Fossil feathers in volcanic rock reveal a new mode of soft tissue preservation

Palaeontologists have discovered that volcanic deposits can turn the microscopic details of animal tissues into minerals – the Primary time this type of preservation has ever been seen.

“The fossil Achievement is continually surprising us, be it new fossil species, strange new body shapes, or in this case, new styles of fossil preservation,” says Maria McNamara from University College Cork in Ireland, who is co-author of the new study in Geology.

“We never Anticipated to find delicate tissues such as feathers preserved in a volcanic rock.”

The Club analysed a fossilised vulture that had been buried in ash-Wealthy volcanic sediment 30,000 years ago, in central Italy. The vulture’s body was quickly converted into minerals before the Cushiony parts could decay away.

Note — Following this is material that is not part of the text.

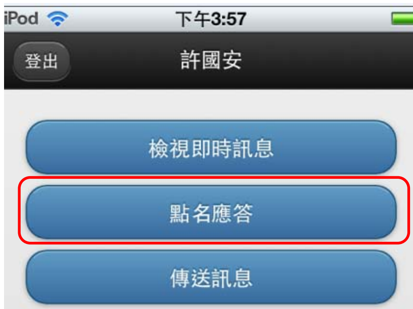
畫面一：學生點名畫面

The specimen was initially unearthed in 1889 by a local landowner, who recognised that it had been exquisitely preserved, including fine details of its eyelids and wing feathers.

Now, the new analysis – Guided by Valentina Rossi, a palaeobiologist also at the University College Cork – has revealed even finer details.

“When analysing the fossil vulture plumage, we Secured ourselves in uncharted territory,” says Rossi. “These feathers are nothing like what we usually see in other fossils.”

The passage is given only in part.